With the pictures left out, retype exactly the lines below starting at the line that contains "Steg 5 Säkra" and ending at the line that contains "Aquesta força irreductible".

* [Records to process]
▽
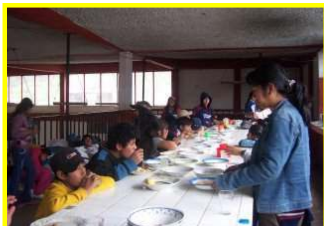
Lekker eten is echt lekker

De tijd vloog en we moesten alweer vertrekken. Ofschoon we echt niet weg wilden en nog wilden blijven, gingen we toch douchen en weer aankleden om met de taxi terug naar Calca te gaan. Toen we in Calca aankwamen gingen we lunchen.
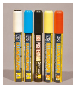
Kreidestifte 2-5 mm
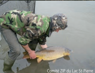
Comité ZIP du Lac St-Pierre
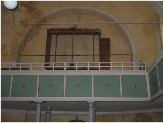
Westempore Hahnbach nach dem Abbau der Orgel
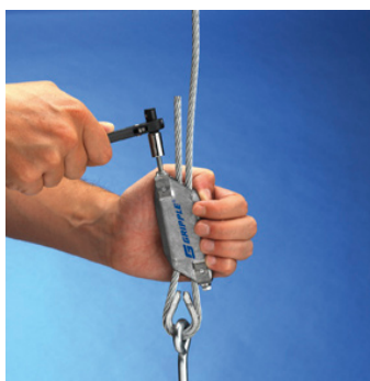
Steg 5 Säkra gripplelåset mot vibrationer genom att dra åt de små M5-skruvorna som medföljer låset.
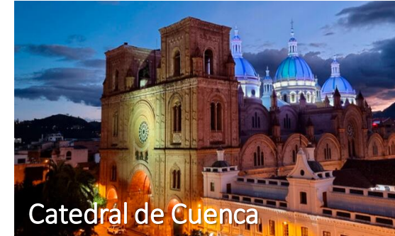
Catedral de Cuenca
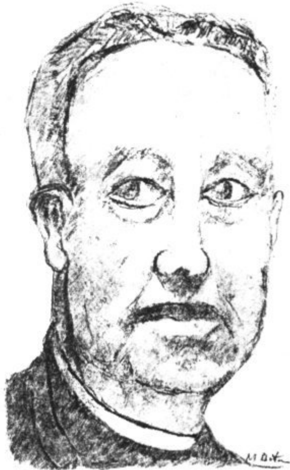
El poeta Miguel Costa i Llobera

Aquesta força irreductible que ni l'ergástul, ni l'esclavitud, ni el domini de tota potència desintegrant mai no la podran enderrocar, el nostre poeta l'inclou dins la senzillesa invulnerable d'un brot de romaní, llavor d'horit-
△
▽
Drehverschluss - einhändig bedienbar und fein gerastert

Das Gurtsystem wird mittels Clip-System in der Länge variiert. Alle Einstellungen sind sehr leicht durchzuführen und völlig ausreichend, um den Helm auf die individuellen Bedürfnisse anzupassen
△
* [Written solution]
Steg 5 Säkra gripplelåset mot vibrationer genom att dra åt de små M5-skruvorna som medföljer låset.
Catedral de Cuenca
El poeta Miguel Costa i Llobera

Aquesta força irreductible que ni l'ergástul, ni l'esclavitud, ni el domini de tota potència desintegrant mai no la podran enderrocar, el nostre poeta l'inclou dins la senzillesa invulnerable d'un brot de romaní, llavor d'horit-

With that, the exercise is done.